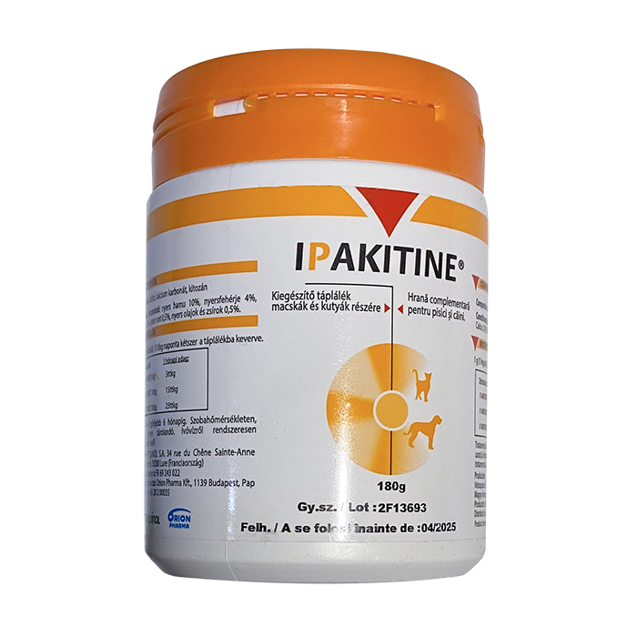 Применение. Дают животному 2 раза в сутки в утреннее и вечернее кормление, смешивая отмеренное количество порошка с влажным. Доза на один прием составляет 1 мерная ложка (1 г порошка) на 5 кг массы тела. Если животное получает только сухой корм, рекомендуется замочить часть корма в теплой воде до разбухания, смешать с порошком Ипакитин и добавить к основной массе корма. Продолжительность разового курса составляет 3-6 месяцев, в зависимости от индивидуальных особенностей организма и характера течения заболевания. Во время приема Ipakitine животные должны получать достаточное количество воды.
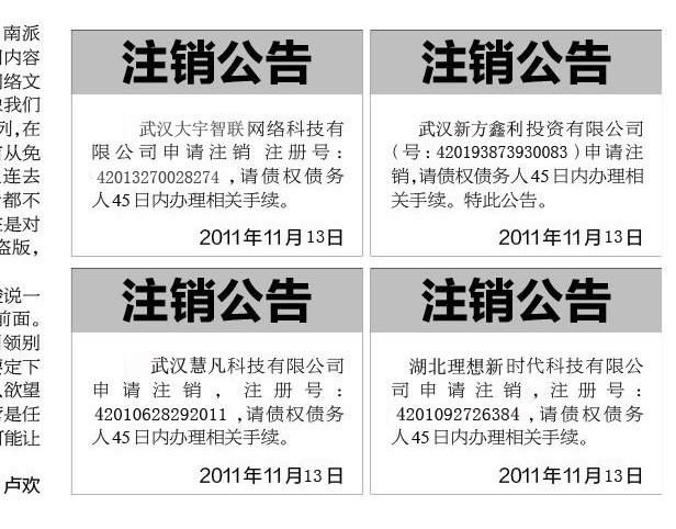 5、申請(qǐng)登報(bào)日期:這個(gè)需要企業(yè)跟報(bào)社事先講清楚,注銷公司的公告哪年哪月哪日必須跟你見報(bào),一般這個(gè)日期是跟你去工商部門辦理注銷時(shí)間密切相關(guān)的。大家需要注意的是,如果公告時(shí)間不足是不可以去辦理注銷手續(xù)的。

==

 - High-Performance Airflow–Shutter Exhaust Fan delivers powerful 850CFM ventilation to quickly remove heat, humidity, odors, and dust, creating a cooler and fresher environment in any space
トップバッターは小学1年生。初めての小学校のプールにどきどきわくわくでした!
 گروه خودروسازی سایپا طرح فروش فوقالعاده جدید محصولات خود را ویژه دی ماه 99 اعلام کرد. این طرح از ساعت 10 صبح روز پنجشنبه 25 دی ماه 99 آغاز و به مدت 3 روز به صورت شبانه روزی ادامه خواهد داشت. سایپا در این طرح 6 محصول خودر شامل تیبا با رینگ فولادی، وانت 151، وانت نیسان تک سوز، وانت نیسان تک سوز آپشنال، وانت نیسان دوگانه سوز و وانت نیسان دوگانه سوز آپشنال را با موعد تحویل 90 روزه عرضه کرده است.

> **ACTIVITY**:
Only one stretch of the listing above is to be duplicated: the lines from the one containing "Применение. Дают животному" through the one containing "5、申請(qǐng)登報(b", both included. Copy them exactly, minus the pictures.

> **RESULT OF THIS TASK**:
 Применение. Дают животному 2 раза в сутки в утреннее и вечернее кормление, смешивая отмеренное количество порошка с влажным. Доза на один прием составляет 1 мерная ложка (1 г порошка) на 5 кг массы тела. Если животное получает только сухой корм, рекомендуется замочить часть корма в теплой воде до разбухания, смешать с порошком Ипакитин и добавить к основной массе корма. Продолжительность разового курса составляет 3-6 месяцев, в зависимости от индивидуальных особенностей организма и характера течения заболевания. Во время приема Ipakitine животные должны получать достаточное количество воды.
 5、申請(qǐng)登報(bào)日期:這個(gè)需要企業(yè)跟報(bào)社事先講清楚,注銷公司的公告哪年哪月哪日必須跟你見報(bào),一般這個(gè)日期是跟你去工商部門辦理注銷時(shí)間密切相關(guān)的。大家需要注意的是,如果公告時(shí)間不足是不可以去辦理注銷手續(xù)的。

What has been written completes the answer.